Let’s say for example this happened – and on the first Friday of every month, in the atrium of your building these three interest groups ran basic introduction to coding classes for young mothers in the local community, giving them the means to be able to eventually return to work in higher paid, better appreciated roles than is typically afforded part-time workers. This project even goes on to be a useful source of new hires to the company – the office is the focal point for visibly bringing this to life so that others can see and believe in the sharing of gifts and talents.
And seeing the building used in this way sparked another group of people to do a big skills swap where a group of people elected to do a one for one skills swap – teaching somebody something they knew in return for being taught something they didn’t already know.
Binding all this together were the community connectors. No one appointed these people, they just emerged from individual groups as those who were sufficiently curious and driven to ensure a difference was made. Their energy constantly buzzing around the organisation, making the audacious asks brought out skills no-one knew existed, brought to life in very visible projects in the organisation.
And when the catalytic leader had a challenge and needed people to face into it, the culture and climate of people raising their hand and volunteering their skills was a far cry from the old ways of the leader and her star chamber sitting in a room, flicking through mental images of headshots in their minds picking their winning team based solely on the partial information and experience of what they knew of their team.

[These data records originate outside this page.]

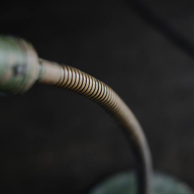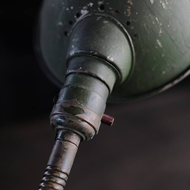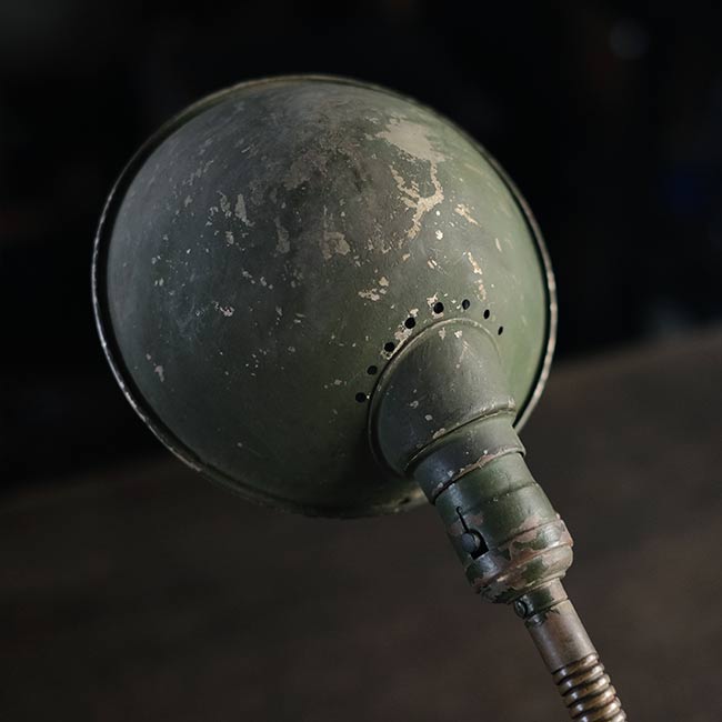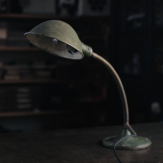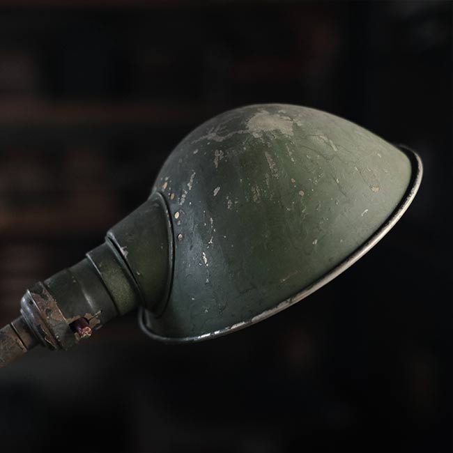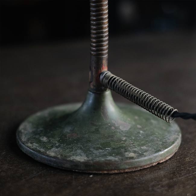 アメリカより、メーカー不明のデスクランプ。極めてシンプルなデザインになりますが、シェードとベースの経年変化が素晴らしく、見ていて飽きません。もう売れなくたっていいです。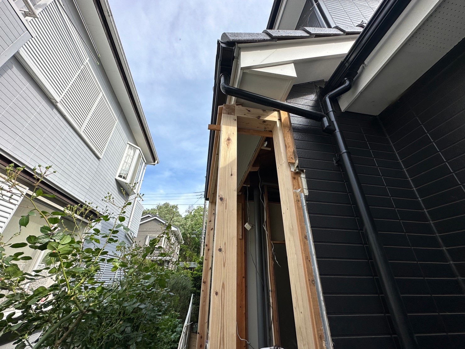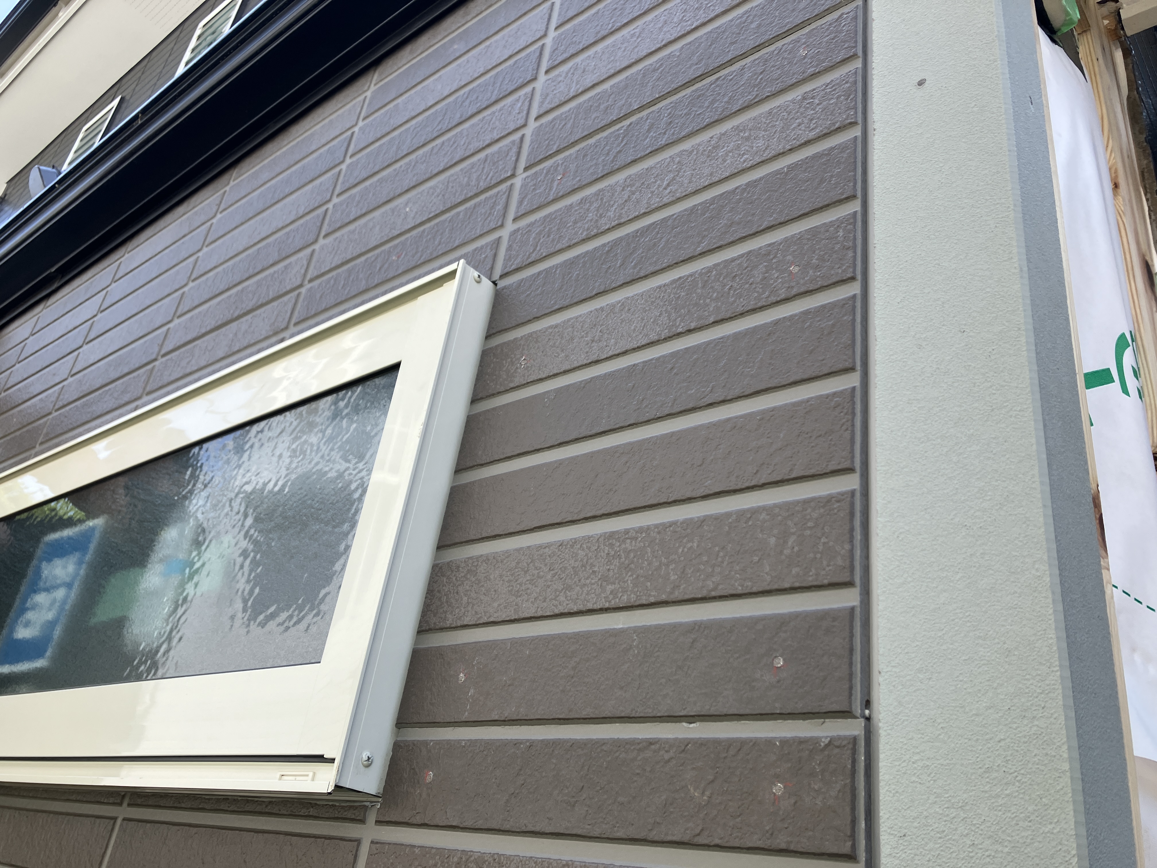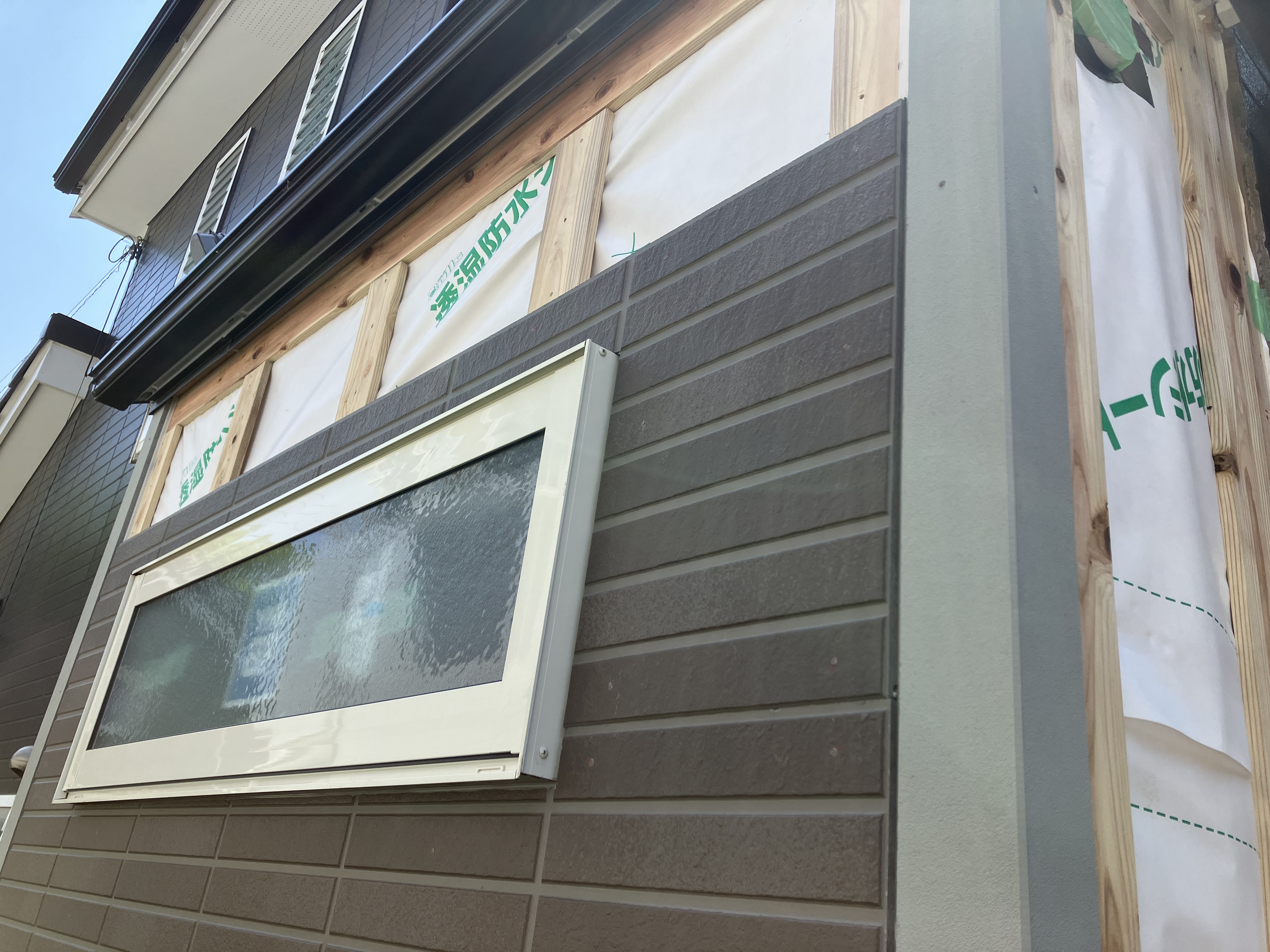 窓のある外壁面は完成しました。きれいに仕上がりました。続けて側面外壁にサイディング張りを行っていきます。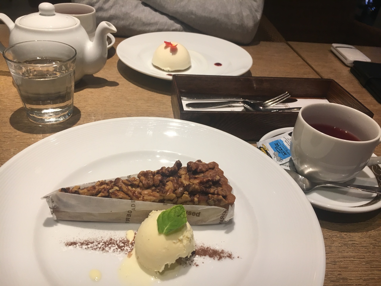 雰囲気◎味◎それゆえお値段高めのケーキセットで1500円。ナッツ×蜂蜜のタルトとフルーツティー美味しかったです。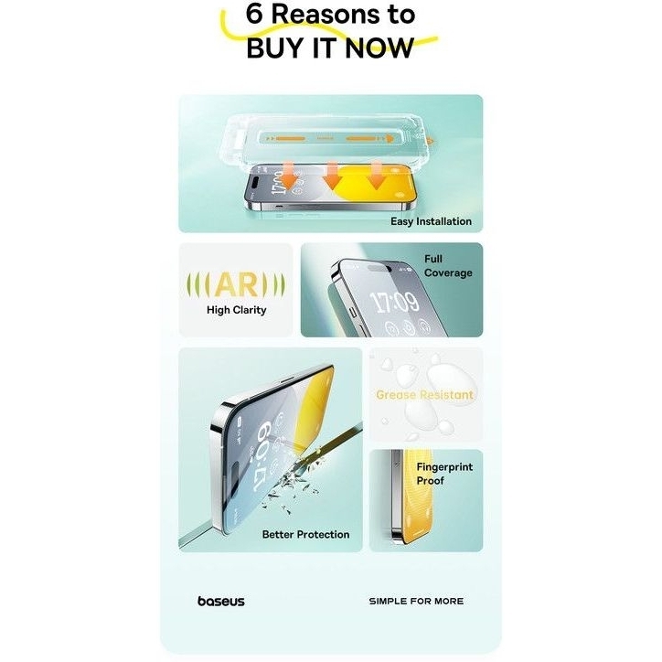 Baseus Sapphire Full-Coverage HD Tempered Glass Screen Protector for iPhone 16 Pro Max - Clear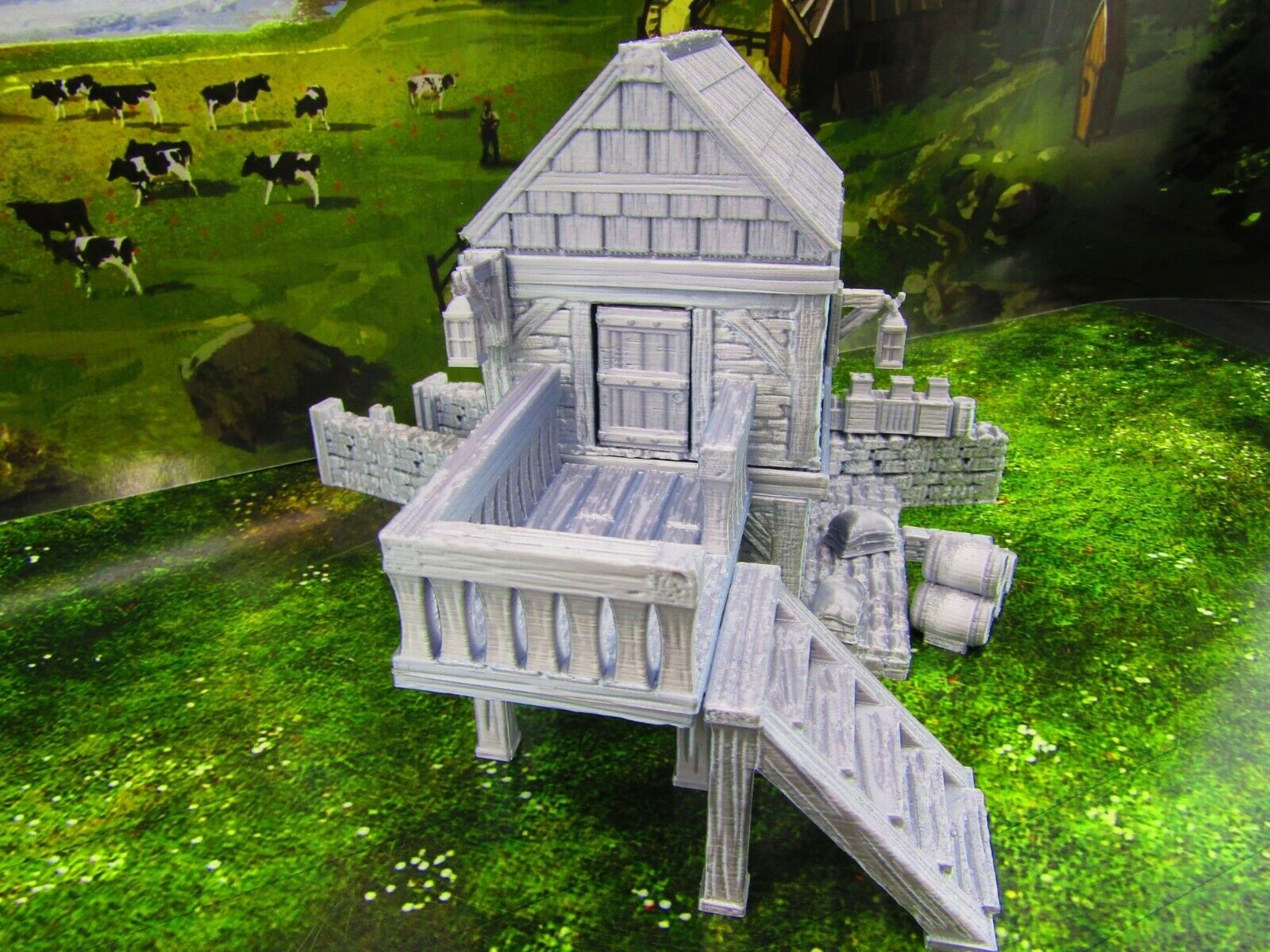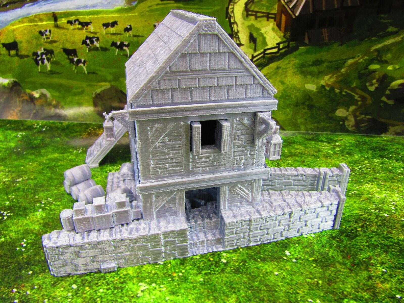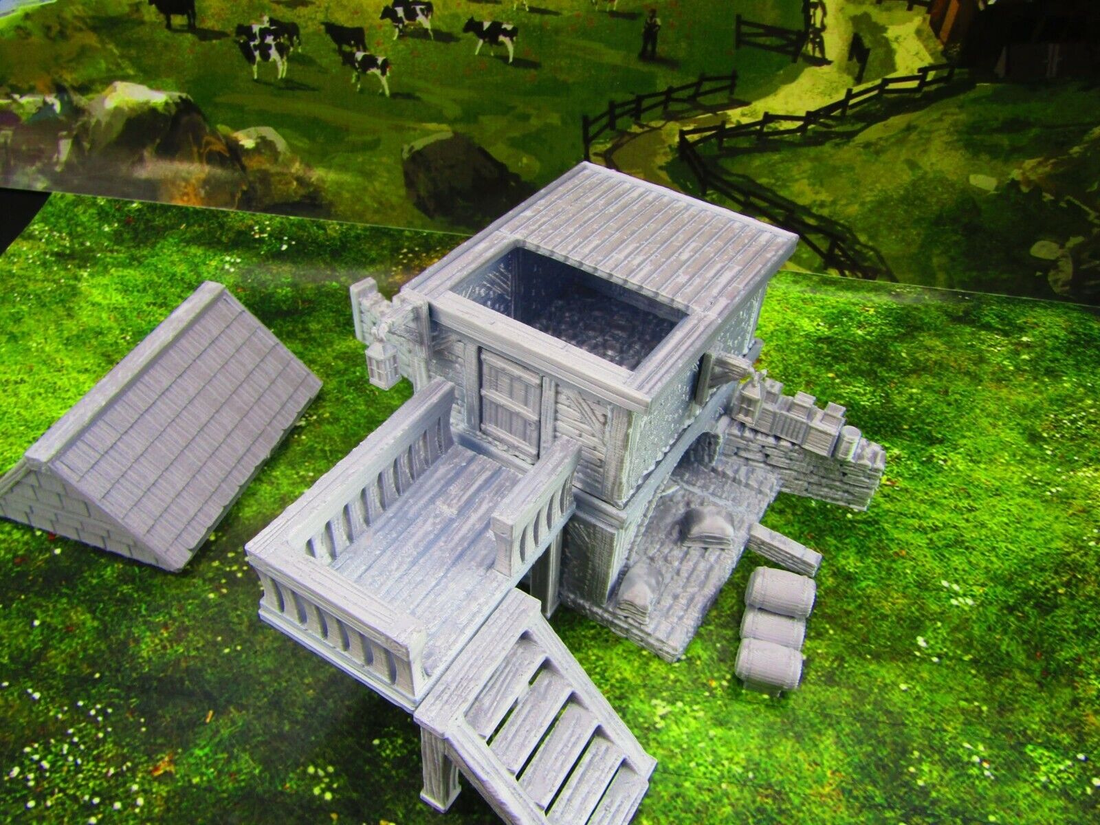 2 Floor Large River Grist Mill Grainery Scatter Terrain Scenery 3D Printed Model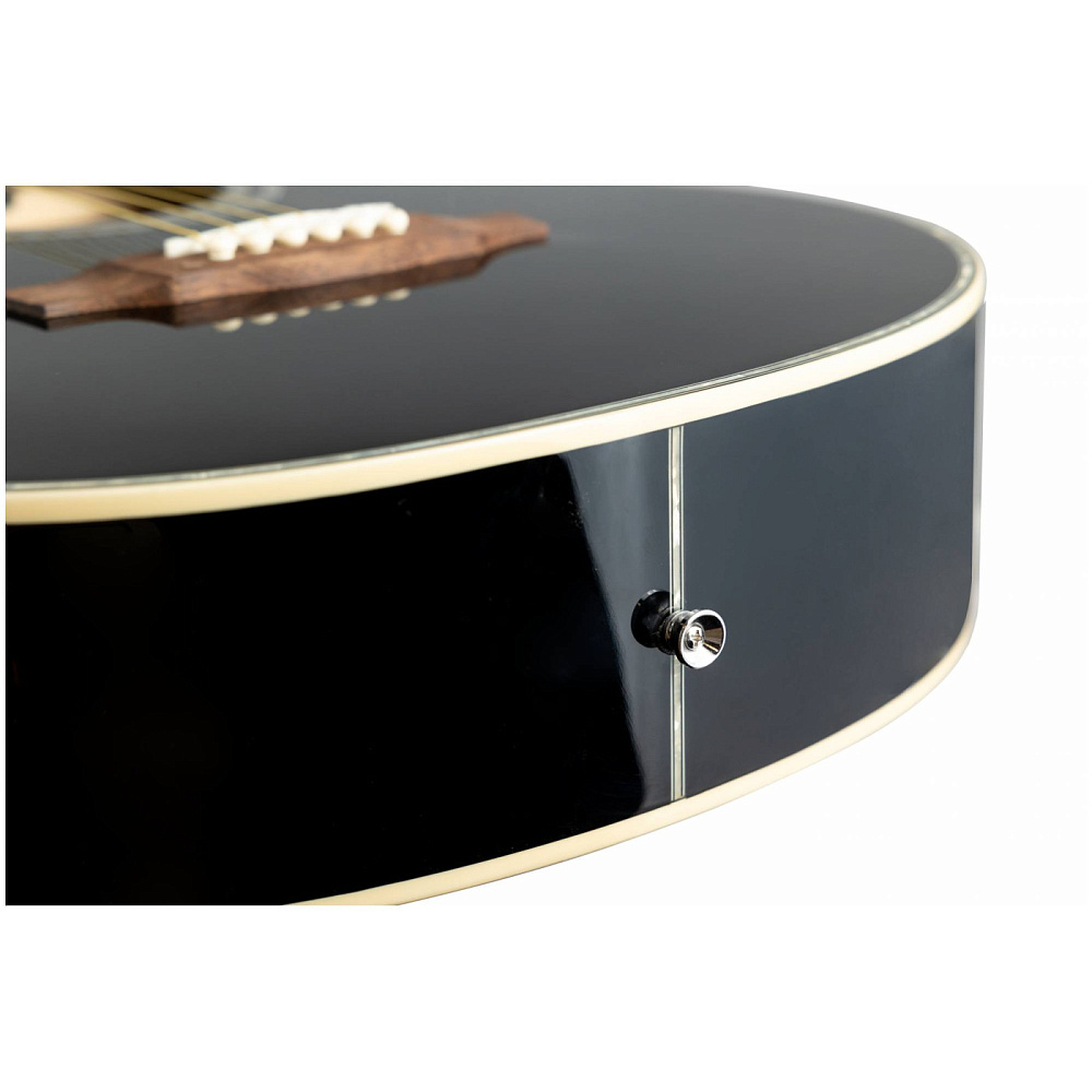 Двойное кольцо перламутрового цвета на розетке гармонично сочетается с перламутровой окантовкой на верхней деке. Инструмент выполнен в чёрном цвете и глянцевой отделке.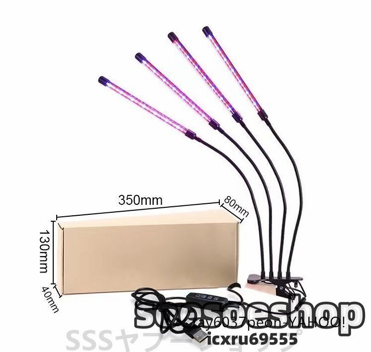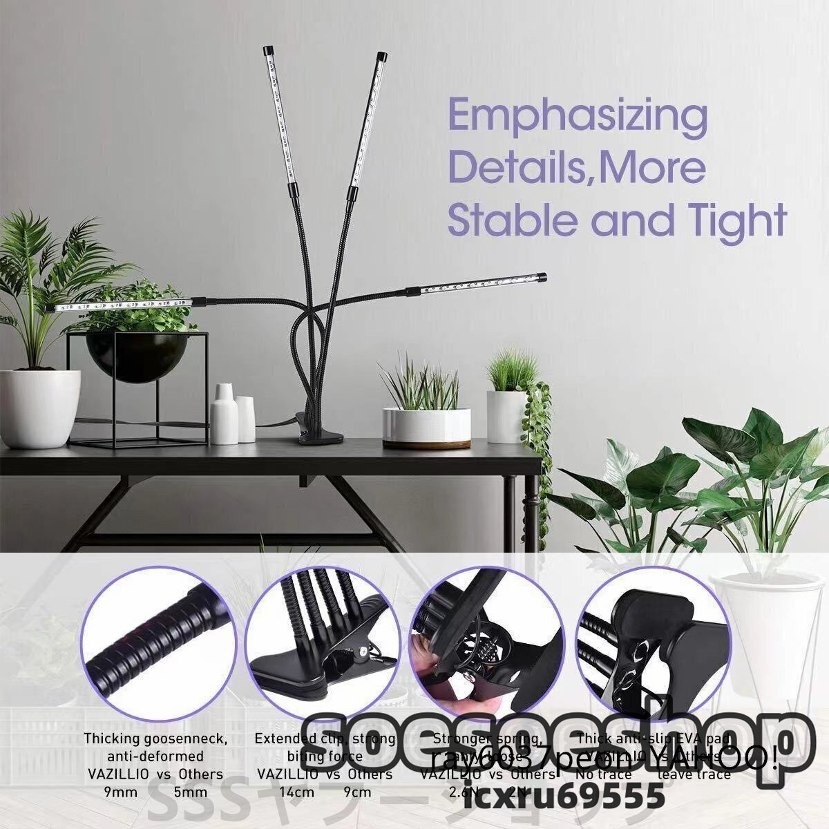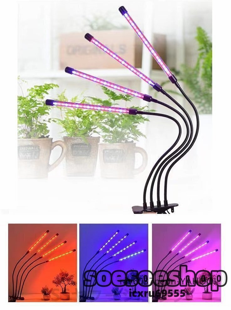 商品説明★状態:新品未使用★植物ライト 4ヘッド ※本商品につきましては、USBのACアダプターは付属しておりません。【高輝度&4本設計】40W高輝度LED光源 赤28個、イエロー28個と青24個の組み合わせて光合成を促進し野菜や観賞用植物を元気に育てます。曇りや日当たりが足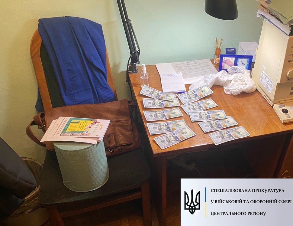 За процесуального керівництва Спеціалізованої прокуратури у військовій та оборонній сфері Центрального регіону затримано голову військово-лікарської комісії одного з об’єднаних міських військових комісаріатів Київської області під час одержання неправомірної вигоди в розмірі 1000 доларів США.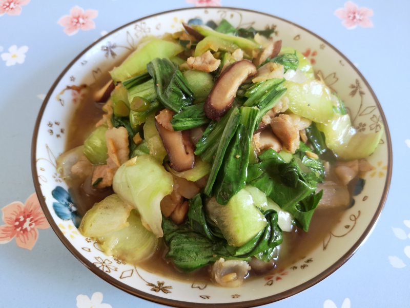 香菇油菜炒五花肉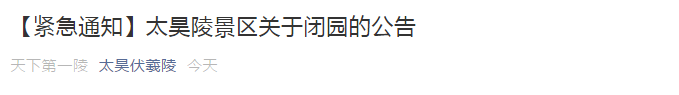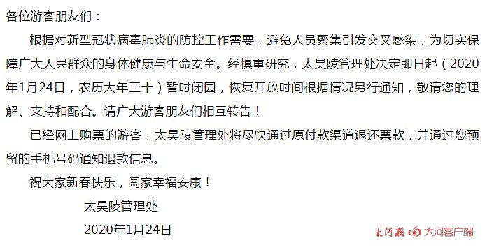 周口太昊陵景区暂时闭园,网上购票可退款 根据对新型冠状病毒肺炎的防控工作需要,为切实保障广大人民群众的身体健康与生命安全。太昊陵管理处决定即日起(2020年1月24日,农历大年三十)暂时闭园,恢复开放时间根据情况另行通知,敬请您的理解、支持和配合。请广大游客朋友们相互转告!已经网上购票的游客,太昊陵管理处将尽快通过原付款渠道退还票款,并通过您预留的手机号码通知退款信息。 同时,周口鹿邑县人民政府办公室也发布了太清宫、明道宫景区的必园公告。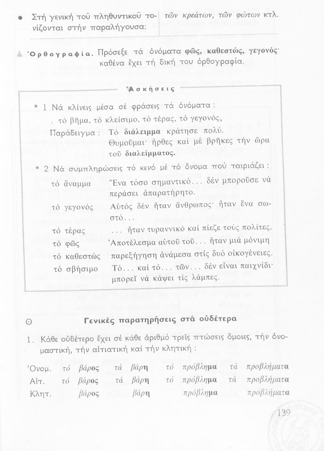 Σχολικό εγχειρίδιο Γλώσσας για τις Ε΄ και ΣΤ΄ Δημοτικού που περιλαμβάνει με κείμενα και ασκήσεις για τη διδασκαλία των γραμματικών φαινομένων.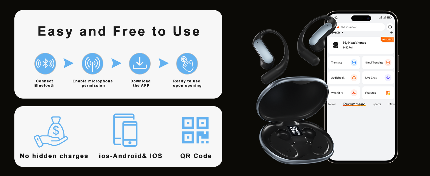 🍟【Bluetooth 5.4 Technology】This bluetooth translator earbuds features bluetooth 5.4 for ultra-fast, stable connections. Whether you’re using call/video translation, streaming music, watching movies, or taking calls, enjoy seamless audio in any environment. After initial pairing, simply open the charging case to reconnect—no manual setup needed. Experience effortless, high-performance audio wherever you go.

Try this out with your team
Get your team together with a bunch of post it notes. Ask everyone to write down a skill they have and stick it on the wall. Repeat this process ten times, if people feel they are drying up before this they’re not thinking hard enough, it doesn’t have to be obviously skills practiced in the workplace but also in home and leisure life.
Now group these. We have now transitioned from individual skill to collective skill. Any of those post it notes can be blended in recipes to make interesting combinations you may never have thought of before.
Next ask the team to write down a skill they know they can find or ask of someone in their circle that could be got without paying for or bartering in return. Do this five times and add these to your board.
Now group these. We have now transitioned from the collective skill of the group to the collective network skill of the group. Once again any of these post it notes can be blended into new and interesting recipes.
The maths of ABCD is pretty simple. Let’s say I have thirty skills. That’s great. But if I know ten other people who are up for working and sharing with me and they each have thirty skills then between us we now have access to a maximum of three hundred and thirty skills. A lot more than I had alone.
If we then factor in the additional skills that exists in each of our own circle and networks, we could be approaching thousands of skills at our disposal. It’s the multiplier effect in itself.
The common lament of most leaders is that I can’t get this done because I don’t have enough people. As the research from CIPD shows, it’s less about having the volume of people, it’s getting the work you need to do better matched with the skills your people have.